Additionally if its a Windows XP system, your could buy Ghost 2003 off of ebay etc and this also supports sending images over network. I created a bootable floppy with NDIS2 Intel Pro100 Driver and then migrated an image of this floppy to CD so that I could boot a system up off this bootable CD which gives it a static IP address of 130.0.0.2 ( which i designated when creating bootable media ) for the system requesting image, and the system serving up the image over the LAN is 130.0.0.1.

Note: You need a bootable disc or disk for each Network Adapter driver that you chose to support. Its a manual process for an advanced Ghost 2003 user/admin.
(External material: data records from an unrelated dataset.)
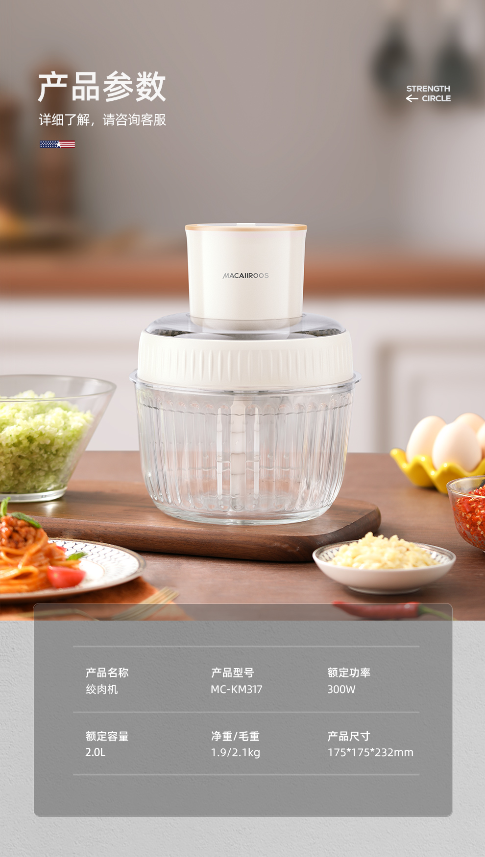 【小家电】迈卡罗MACAIIROOS绞肉机家用绞馅机2升玻璃杯身搅拌机 MC-KM317 HF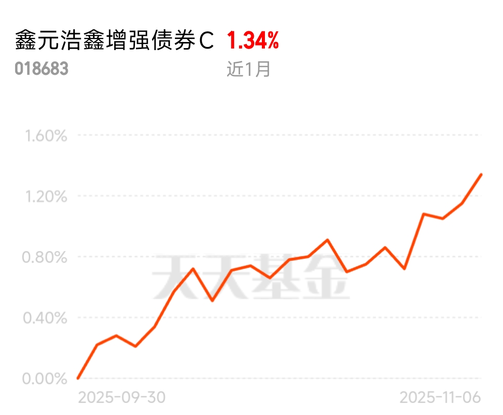 现在大家理财都求稳不求险,增强债基因为平衡风险和收益备受青睐。鑫元浩鑫增强债券C没让人失望,近一个月收益1.34%,操作风格稳健不冒进,不管市场怎么变,都能守住收益基本盘。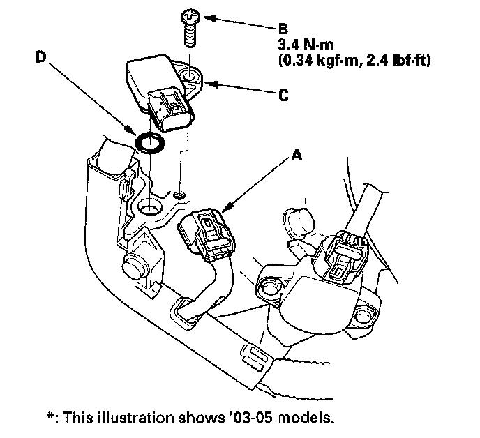 Install the parts in the reverse order of removal with a new O-ring (D).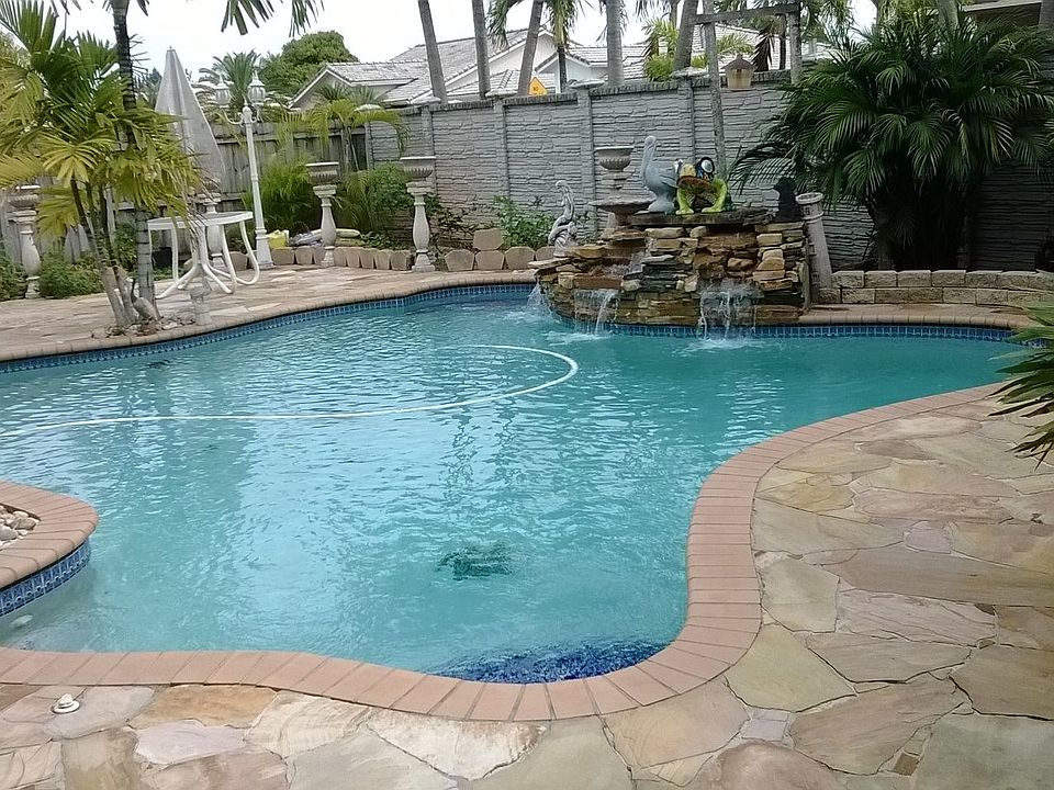 Corner property, free form swimming pool, ceiling covered patio and screen, custom brick barbecue, access to the property by each side of the house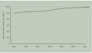 L’andamento delle vendite di armamenti da parte delle prime 100 aziende del settore dal 2015 al 2021. Fonte: Sipri, 2022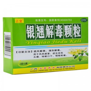 疏風解表,清熱解毒。用于外感風熱所致的流行性感冒,癥見發熱、頭痛、咳嗽、口干、咽喉疼痛。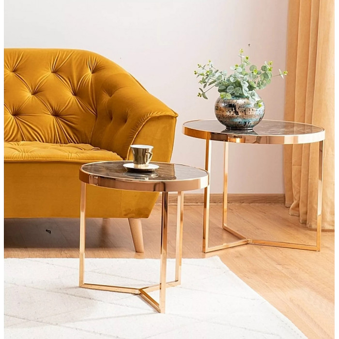 Столики отличаются изысканным дизайном, сочетающим столешницы с эффектом мрамора и роскошный золотистый каркас. Это придаёт комплекту благородный и современный вид, идеально вписывающийся в интерьеры в стиле гламур, модерн или лофт.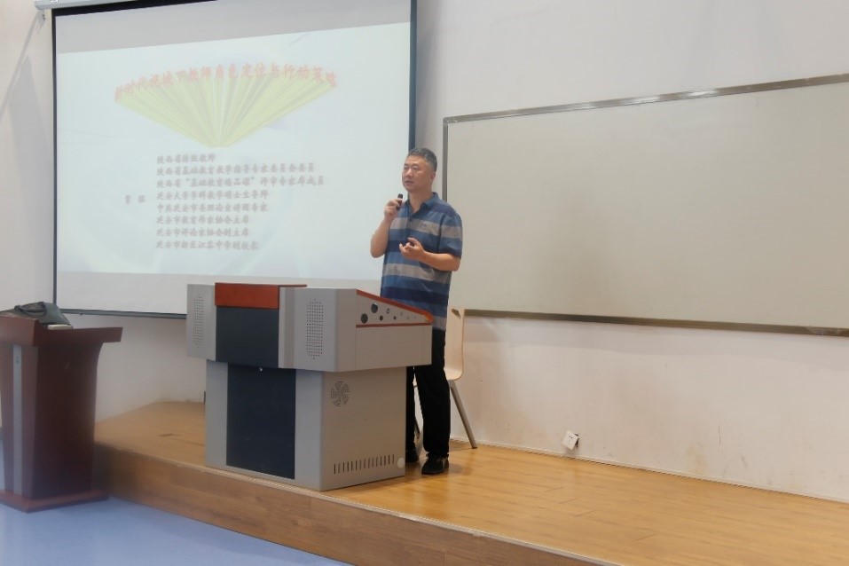 贾猛副校长从教育现代化的八大理念、未来教育变革五个趋势、教研活动的规律和要求、教师专业成长的有效途径、学校德育架构、班主任与科任教师的关系等六个方面对新时代教师角色的定位与行动策略进行了解读,并且结合自身教学与科研感悟,提出了许多独特的见解。贾校长的讲解既有理论高度,又结合实际事例,深入浅出,站位高,办法好,赢得同学们的阵阵掌声。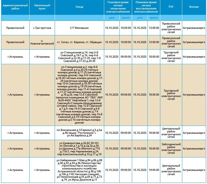 Массовые перебои в электроснабжении продолжатся и в среду.15 октября отключение света коснется ряда населенных пунктов Астраханской области. Astrakhanpost.ru выяснил, какие из них вошли в число «счастливчиков».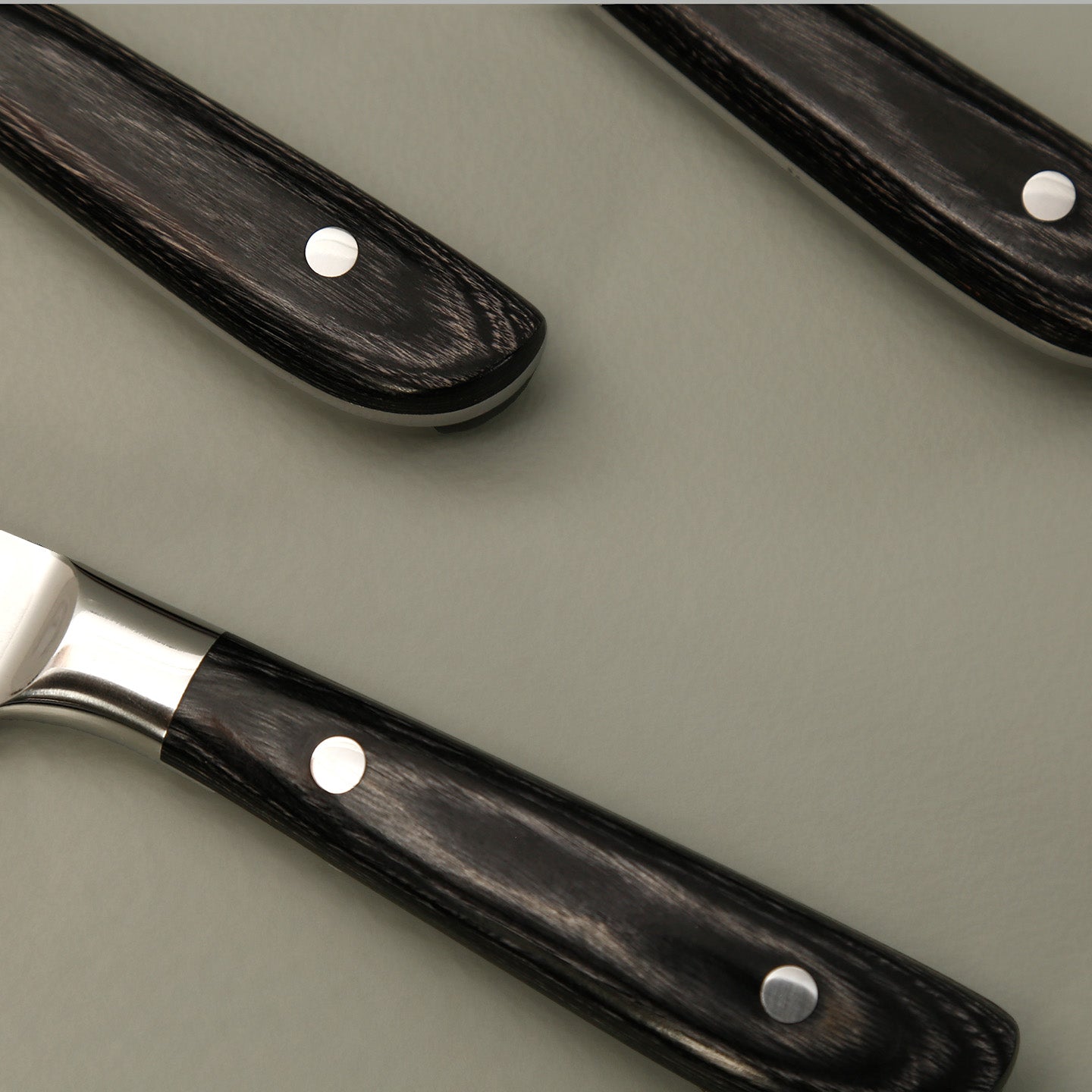 Four piece set of fine edged steak knives. Each 5" knife is forged from Japanese Damascus stainless steel with a VG10 cutting core, offering performance, durability, and impressive rust resistance. They have full-tang construction, solid bolsters, and double-riveted ebony Pakkawood handles to ensure perfect balance, control, and a warm, natural feel in your hand. Designed for smooth, precise cuts through any steak or roast, these knives bring professional-grade craftsmanship to your dining table. Beautifully balanced, incredibly sharp, and built for a lifetime of meals worth savoring.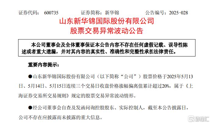 但狂欢背后,风险也在悄然逼近。5月15日晚,新华锦发布股票交易异常波动公告。根据公告内容,新华锦股票在2025年5月13日、14日、15日连续三个交易日收盘价格涨幅偏离值累计超20%,触及《上海证券交易所交易规则》规定的异常波动情形。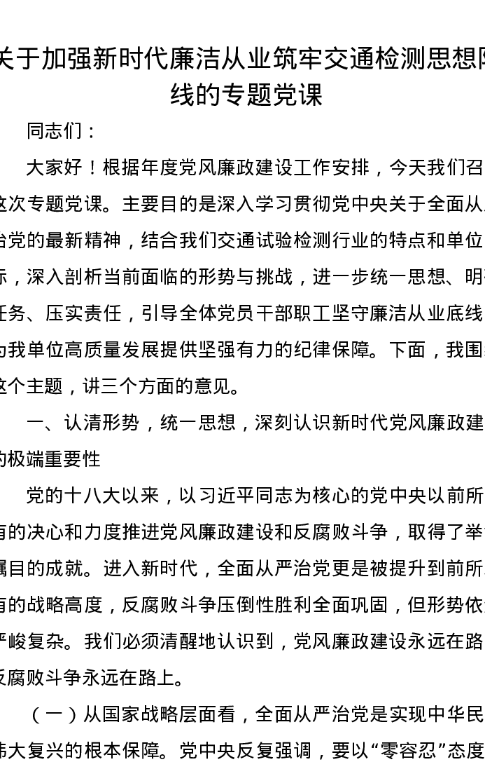 关于加强新时代廉洁从业筑牢交通检测思想防线的专题党课讲稿

I have two of these one for Intel Pro 100 and another for older 3Com NIC. One trick I did was had a Intel Pro 100 PCI NIC, and I would install it temporarily to be able to have Ghost 2003 network support as well as for a fleet of systems at a prior work place we had corporate licensing of Ghost 2003 and I bought 50 good used Intel Pro 100 PCI network adapters off of ebay and populated all the workstations with this additional NIC. When a system needed to be rebuilt by image, I would move the LAN cable over to the Intel Pro 100 NIC, pop in the CD, boot the CD, and request the image to push to hard drive from the image server.

Later we ended up just going with RIS for many builds instead of using Ghost because all the many images for each workstation for custom configurations was eating up a lot of space back 10+ years ago when hard drive space came at a cost at 40GB images and hundreds of workstations.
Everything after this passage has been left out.